*Problem to work on*. In the records that follow, find the line containing "Горький шоколад Zaini" and the line containing "2日8时,参加此次定巡的中国", then transcribe both and every line between them exactly, omitting pictures.

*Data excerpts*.
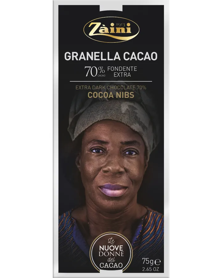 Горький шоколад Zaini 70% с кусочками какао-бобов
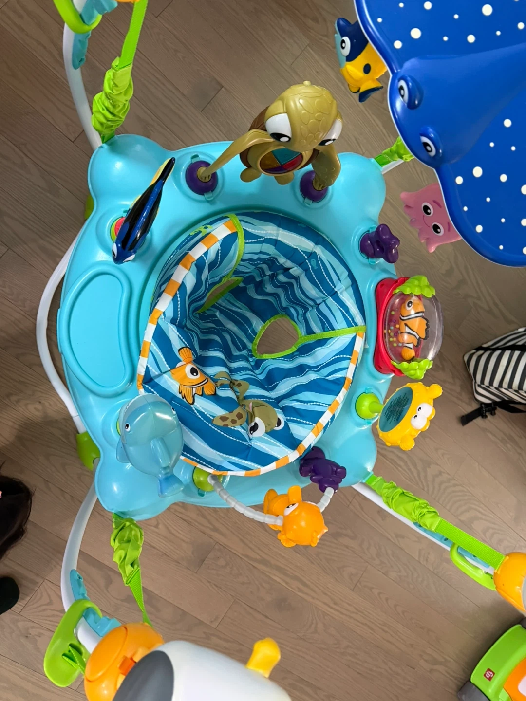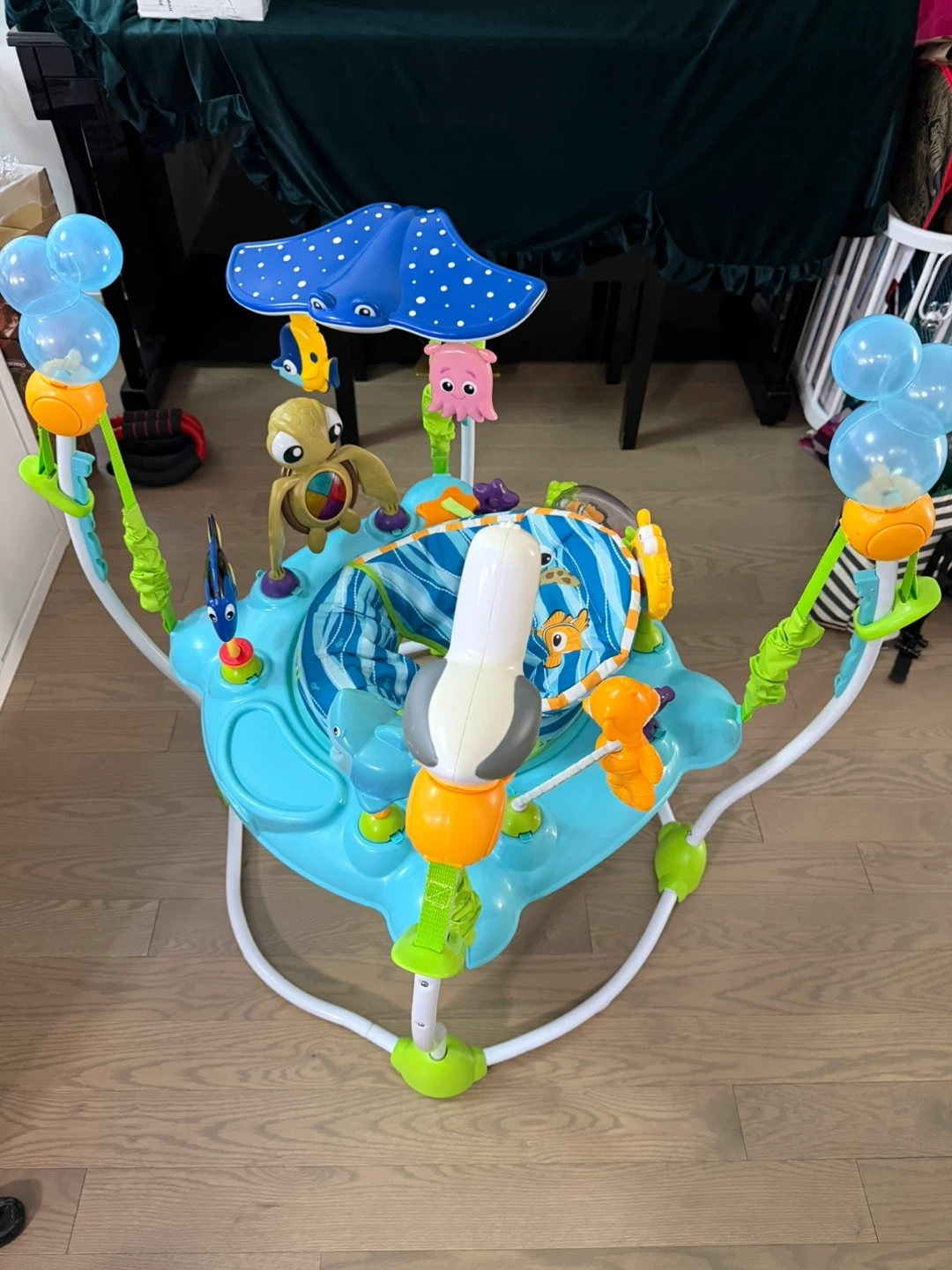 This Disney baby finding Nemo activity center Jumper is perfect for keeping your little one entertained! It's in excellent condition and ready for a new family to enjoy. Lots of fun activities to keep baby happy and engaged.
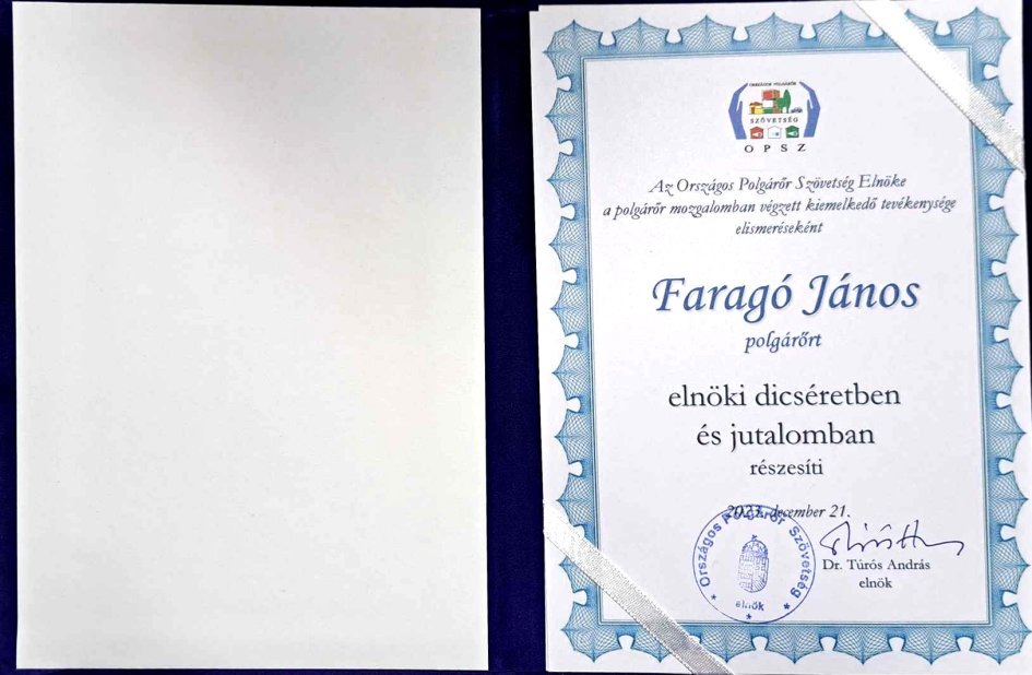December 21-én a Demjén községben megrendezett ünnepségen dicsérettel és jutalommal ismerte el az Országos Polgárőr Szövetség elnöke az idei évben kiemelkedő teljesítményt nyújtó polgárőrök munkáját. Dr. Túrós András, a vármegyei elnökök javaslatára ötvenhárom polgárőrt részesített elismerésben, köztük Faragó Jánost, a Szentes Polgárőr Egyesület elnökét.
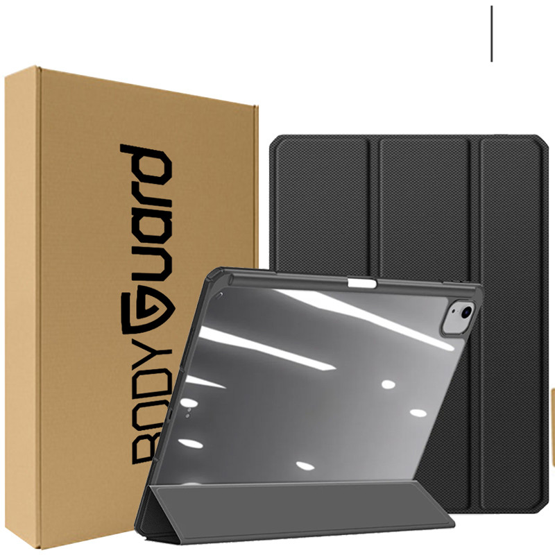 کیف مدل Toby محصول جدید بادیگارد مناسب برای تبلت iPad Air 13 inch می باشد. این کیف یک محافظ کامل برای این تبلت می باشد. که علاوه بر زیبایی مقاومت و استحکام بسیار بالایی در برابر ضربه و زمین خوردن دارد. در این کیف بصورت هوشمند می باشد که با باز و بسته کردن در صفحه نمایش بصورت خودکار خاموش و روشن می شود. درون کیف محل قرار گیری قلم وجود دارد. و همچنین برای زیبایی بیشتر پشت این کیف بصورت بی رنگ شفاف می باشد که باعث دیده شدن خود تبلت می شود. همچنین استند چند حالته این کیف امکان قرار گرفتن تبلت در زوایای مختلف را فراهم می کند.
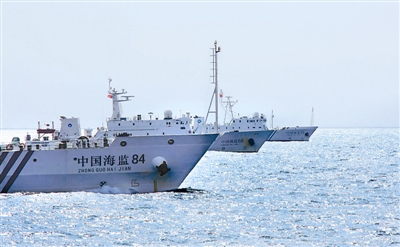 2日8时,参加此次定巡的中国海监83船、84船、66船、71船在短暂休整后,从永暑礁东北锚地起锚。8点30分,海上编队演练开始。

--

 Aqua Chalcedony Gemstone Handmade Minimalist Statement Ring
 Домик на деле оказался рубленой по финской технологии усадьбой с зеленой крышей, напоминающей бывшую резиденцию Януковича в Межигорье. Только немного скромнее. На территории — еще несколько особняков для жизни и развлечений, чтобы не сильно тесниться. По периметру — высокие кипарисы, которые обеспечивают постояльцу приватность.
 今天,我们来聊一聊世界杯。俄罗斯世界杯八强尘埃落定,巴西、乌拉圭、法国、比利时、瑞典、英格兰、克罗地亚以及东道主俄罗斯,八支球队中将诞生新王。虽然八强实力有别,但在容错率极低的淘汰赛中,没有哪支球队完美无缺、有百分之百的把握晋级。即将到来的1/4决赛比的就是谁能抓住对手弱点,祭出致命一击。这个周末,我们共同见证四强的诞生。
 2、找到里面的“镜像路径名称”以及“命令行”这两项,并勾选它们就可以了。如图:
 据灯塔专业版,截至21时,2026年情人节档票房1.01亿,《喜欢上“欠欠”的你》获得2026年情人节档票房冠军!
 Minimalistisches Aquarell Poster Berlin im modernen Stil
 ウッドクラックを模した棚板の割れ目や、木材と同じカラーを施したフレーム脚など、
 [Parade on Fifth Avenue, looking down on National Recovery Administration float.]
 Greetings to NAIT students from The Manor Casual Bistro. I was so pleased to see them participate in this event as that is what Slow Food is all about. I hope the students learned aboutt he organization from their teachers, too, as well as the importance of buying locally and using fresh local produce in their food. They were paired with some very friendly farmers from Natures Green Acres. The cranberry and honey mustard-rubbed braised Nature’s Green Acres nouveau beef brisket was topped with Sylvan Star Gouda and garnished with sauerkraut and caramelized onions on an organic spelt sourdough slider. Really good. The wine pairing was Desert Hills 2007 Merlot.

*Solution for this task*.
 Горький шоколад Zaini 70% с кусочками какао-бобов
 This Disney baby finding Nemo activity center Jumper is perfect for keeping your little one entertained! It's in excellent condition and ready for a new family to enjoy. Lots of fun activities to keep baby happy and engaged.
December 21-én a Demjén községben megrendezett ünnepségen dicsérettel és jutalommal ismerte el az Országos Polgárőr Szövetség elnöke az idei évben kiemelkedő teljesítményt nyújtó polgárőrök munkáját. Dr. Túrós András, a vármegyei elnökök javaslatára ötvenhárom polgárőrt részesített elismerésben, köztük Faragó Jánost, a Szentes Polgárőr Egyesület elnökét.
 کیف مدل Toby محصول جدید بادیگارد مناسب برای تبلت iPad Air 13 inch می باشد. این کیف یک محافظ کامل برای این تبلت می باشد. که علاوه بر زیبایی مقاومت و استحکام بسیار بالایی در برابر ضربه و زمین خوردن دارد. در این کیف بصورت هوشمند می باشد که با باز و بسته کردن در صفحه نمایش بصورت خودکار خاموش و روشن می شود. درون کیف محل قرار گیری قلم وجود دارد. و همچنین برای زیبایی بیشتر پشت این کیف بصورت بی رنگ شفاف می باشد که باعث دیده شدن خود تبلت می شود. همچنین استند چند حالته این کیف امکان قرار گرفتن تبلت در زوایای مختلف را فراهم می کند.
 2日8时,参加此次定巡的中国海监83船、84船、66船、71船在短暂休整后,从永暑礁东北锚地起锚。8点30分,海上编队演练开始。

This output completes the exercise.